- _PROVIDED DATA_:
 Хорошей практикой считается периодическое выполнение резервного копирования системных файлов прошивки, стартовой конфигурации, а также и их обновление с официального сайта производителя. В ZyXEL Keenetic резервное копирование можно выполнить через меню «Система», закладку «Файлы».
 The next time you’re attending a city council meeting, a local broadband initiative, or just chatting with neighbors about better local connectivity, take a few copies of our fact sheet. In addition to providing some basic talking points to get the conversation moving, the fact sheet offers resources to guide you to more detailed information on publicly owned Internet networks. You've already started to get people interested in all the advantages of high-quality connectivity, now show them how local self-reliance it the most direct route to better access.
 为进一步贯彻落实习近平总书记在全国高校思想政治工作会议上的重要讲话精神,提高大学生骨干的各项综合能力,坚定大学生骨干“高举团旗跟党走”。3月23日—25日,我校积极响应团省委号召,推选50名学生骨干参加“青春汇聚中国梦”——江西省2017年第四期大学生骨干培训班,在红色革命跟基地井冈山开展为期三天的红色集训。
--
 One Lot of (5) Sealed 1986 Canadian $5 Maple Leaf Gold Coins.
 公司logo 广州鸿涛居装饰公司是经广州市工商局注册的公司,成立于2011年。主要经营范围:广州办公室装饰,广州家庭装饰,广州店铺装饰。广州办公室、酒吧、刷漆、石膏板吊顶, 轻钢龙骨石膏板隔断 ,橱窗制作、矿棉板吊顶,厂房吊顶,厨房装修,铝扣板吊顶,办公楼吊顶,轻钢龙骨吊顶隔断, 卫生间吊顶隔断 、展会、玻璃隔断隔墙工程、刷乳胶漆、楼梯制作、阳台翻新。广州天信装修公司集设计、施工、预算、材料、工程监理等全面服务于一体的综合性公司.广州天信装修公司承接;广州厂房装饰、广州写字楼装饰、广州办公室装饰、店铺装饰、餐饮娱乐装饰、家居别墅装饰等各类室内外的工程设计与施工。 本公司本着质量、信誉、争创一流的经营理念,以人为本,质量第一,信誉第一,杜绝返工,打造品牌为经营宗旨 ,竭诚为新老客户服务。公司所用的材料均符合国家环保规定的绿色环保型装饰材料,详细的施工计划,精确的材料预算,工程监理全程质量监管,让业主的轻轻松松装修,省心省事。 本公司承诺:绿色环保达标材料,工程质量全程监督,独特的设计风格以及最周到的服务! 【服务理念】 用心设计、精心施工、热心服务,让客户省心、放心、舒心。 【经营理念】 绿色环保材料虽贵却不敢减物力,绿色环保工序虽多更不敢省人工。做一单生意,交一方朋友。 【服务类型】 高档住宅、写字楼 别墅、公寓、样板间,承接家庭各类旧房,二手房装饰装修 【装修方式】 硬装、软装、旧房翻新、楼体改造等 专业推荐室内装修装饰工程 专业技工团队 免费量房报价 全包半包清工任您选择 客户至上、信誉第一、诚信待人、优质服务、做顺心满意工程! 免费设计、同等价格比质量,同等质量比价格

- _DIRECTIONS_: Beginning at the line with "One Lot of (5)" and ending at the line with "全包半包清工任您选择 客户至上、信誉第一、诚信待人、优质服务、做顺心满意工程! 免费设计、同等价格比质量,同等质量比价格", reproduce each line of the data above exactly, and add no other lines.

- _REPLY_:
 One Lot of (5) Sealed 1986 Canadian $5 Maple Leaf Gold Coins.
 公司logo 广州鸿涛居装饰公司是经广州市工商局注册的公司,成立于2011年。主要经营范围:广州办公室装饰,广州家庭装饰,广州店铺装饰。广州办公室、酒吧、刷漆、石膏板吊顶, 轻钢龙骨石膏板隔断 ,橱窗制作、矿棉板吊顶,厂房吊顶,厨房装修,铝扣板吊顶,办公楼吊顶,轻钢龙骨吊顶隔断, 卫生间吊顶隔断 、展会、玻璃隔断隔墙工程、刷乳胶漆、楼梯制作、阳台翻新。广州天信装修公司集设计、施工、预算、材料、工程监理等全面服务于一体的综合性公司.广州天信装修公司承接;广州厂房装饰、广州写字楼装饰、广州办公室装饰、店铺装饰、餐饮娱乐装饰、家居别墅装饰等各类室内外的工程设计与施工。 本公司本着质量、信誉、争创一流的经营理念,以人为本,质量第一,信誉第一,杜绝返工,打造品牌为经营宗旨 ,竭诚为新老客户服务。公司所用的材料均符合国家环保规定的绿色环保型装饰材料,详细的施工计划,精确的材料预算,工程监理全程质量监管,让业主的轻轻松松装修,省心省事。 本公司承诺:绿色环保达标材料,工程质量全程监督,独特的设计风格以及最周到的服务! 【服务理念】 用心设计、精心施工、热心服务,让客户省心、放心、舒心。 【经营理念】 绿色环保材料虽贵却不敢减物力,绿色环保工序虽多更不敢省人工。做一单生意,交一方朋友。 【服务类型】 高档住宅、写字楼 别墅、公寓、样板间,承接家庭各类旧房,二手房装饰装修 【装修方式】 硬装、软装、旧房翻新、楼体改造等 专业推荐室内装修装饰工程 专业技工团队 免费量房报价 全包半包清工任您选择 客户至上、信誉第一、诚信待人、优质服务、做顺心满意工程! 免费设计、同等价格比质量,同等质量比价格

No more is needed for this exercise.